Our data also allow us to analyze how pass-through varies with other characteristics of
goods. We look at its relationship with the elasticity of substitution within product categories,
which we estimate using the methodology in Broda and Weinstein (2006). We then study how
pass-through relates to product quality and follow Auer and Chaney (2009) using variation in
price within specific product category-weight-package type triplet as evidence of variation in
quality. Finally, we provide evidence of a relationship between pass-through and the frequency
of price adjustment, along the lines of Gopinath and Itskhoki (2010). These dimensions can
help shed light on the determinants of pass-through. Whereas product quality can be viewed
as a proxy for markups, which can be used to shield consumers from fluctuations in exchange
rates or shifts in costs, the elasticity is a proxy that captures the degree of product heterogeneity
of the available varieties within a product group. Product quality varies across products in a
specific group, but the elasticity of substitution is constant within a group. Finally, Gopinath and
Itskhoki (2010) argue that the observed variation of pass-through with the frequency of price
adjustment provides guidance on the construction of models of price setting behavior that are
more consistent with the data.
We show that exchange rate pass-through is negatively correlated with product quality and
elasticity of substitution. This is consistent with the findings in recent work, such as Atkeson
and Burstein (2008), Berman et al. (2012), and Auer and Chaney (2009), which focuses on the
behavior of exporters. We find that pass-through is positively related to products’ frequency of
price adjustment, as in Gopinath and Itskhoki (2010).

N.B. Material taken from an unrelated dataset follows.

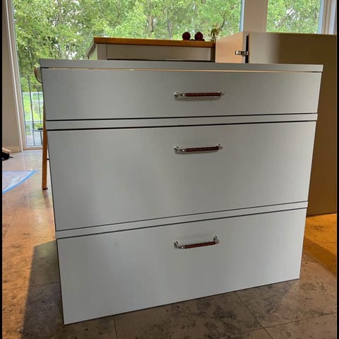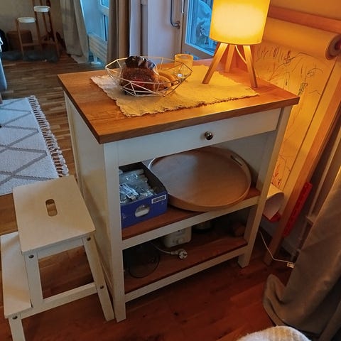 Fin köksö, några mindre skavanker efter flytt (se bilder) med lite färgskav och ytliga repor i toppskivan.

We view the evidence on the relationship between pass-through and retailer size as the main,
and novel, contribution of our article. We interpret this to strongly suggest that retailers exhibit
heterogeneity in price-setting behavior. We argue that such heterogeneity can be accounted for
in a framework where retailers differ in the size of their markups and/or the share of total costs
that they incur locally. In particular, if large retailers charge lower markups and/or have lower
local costs, then exchange rate pass-through will be positively related to retailer market size.
This is because the lower the local costs (Corsetti and Dedola, 2005) or markups (Hellerstein,
4Transactions data refer to the total units of a particular item (barcode) sold within a particular period in a specific
outlet and the price of the item in the particular store at the time (day) of the audit within that period. Outlet types
offer a characterization of outlets based on size and function, such as supermarkets, groceries, mini-markets, cafeterias,
and pharmacies.
5We discuss later in the article how our aggregate findings are in line with existing estimates in the literature.